通り雨であることを祈りながら あるスーパーのそばにあるATMの下で
雨が止むのを待っていた。私は走ることができないので、家まで濡れて
帰るしかないかなぁとあきらめかけて居た。
その間 15分 ATMに出入りする人は数名で、無言で傘を差して帰って行った
雨の勢いは衰えず、諦めて帰るかと思っていた時赤い傘を差した女性がATMに
そしてATMからでてきて 傘を広げた。
なんとなく 傘を見てしまったが、若い女性のようだった。
ゆっくりと傘を広げなおし 歩き始めて行った。もちろん、銀行のATMだし
通り過ぎた数名も今の時代は物騒だから 仕方がない。
よし行くか、と決めて歩きだそうとしたら先ほどの女性が戻ってきた。
おろし間違えたのかな?仕方がない。
そうしたら「あの~雨やみませんね」とはきはきした声で言った
「はい。やまないので、諦めて帰ることにしました」
「どちらの方ですか」
「駅のそばなんですが・・」
「じゃぁ 私もそちらの方向に行きますので、途中までかもしれませんがよければ
傘を使いませんか。 」
「え?!いいんですか?助かります。
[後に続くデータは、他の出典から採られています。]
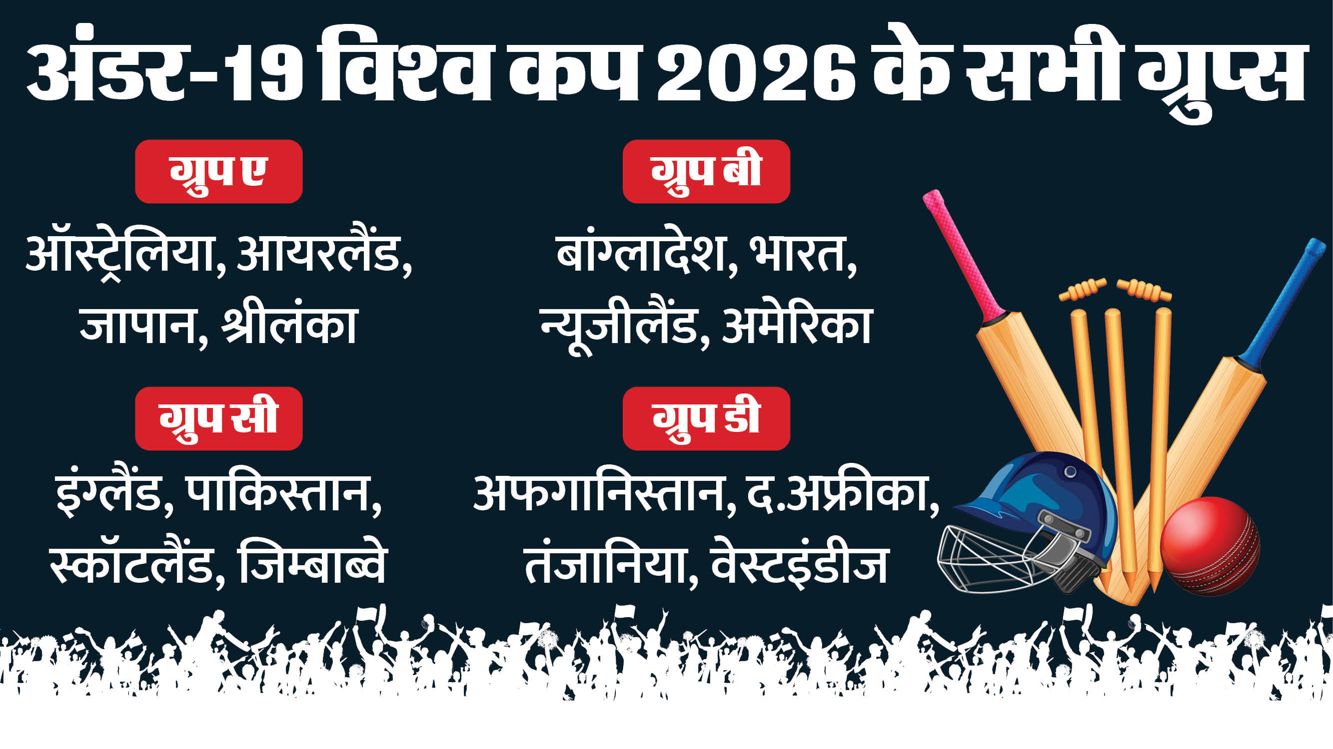 U19 World Cup 2026 Schedule Time Table : आईसीसी अंडर-19 क्रिकेट विश्व कप 2026 का आयोजन 15 जनवरी से छह फरवरी तक जिम्बाब्वे और नामीबिया में होगा। कुल 16 टीमें भाग लेंगी। ग्रुप स्टेज, सुपर सिक्स, सेमीफाइनल और फाइनल के फॉर्मेट में मुकाबले खेले जाएंगे। ऑस्ट्रेलिया डिफेंडिंग चैंपियन है, भारत ने सबसे ज्यादा पांच खिताब जीते हैं। टूर्नामेंट में पांच मैदानों पर मैच होंगे। लगभग सभी देशों ने अपनी टीमों की घोषणा कर दी है और टिकट बिक्री भी शुरू हो चुकी है।

あの余計なことかもしれませんが
ATMに用事があったんでは?」
「いいえ、殆ど人も歩いていないので、気になりましたので、戻ってきたので」
「ほんとうにありがとうございます。」といって傘を借りてというか
持ち主が濡れないようにして 15分の道のりを歩いて家のそばまで戻れた
「とても助かりました。ありがとうございます」
「困ったときはお互いさまだと叔母によく言われているので。ではこれで」
よほど 困った顔にみえたのかな・・。世の中まだ捨てたものではないな
たった一本の傘 でこういうことがあった。かなり最近・・。
ん?!たった1本の傘・・傘1本 スーパーで買えば150円だった。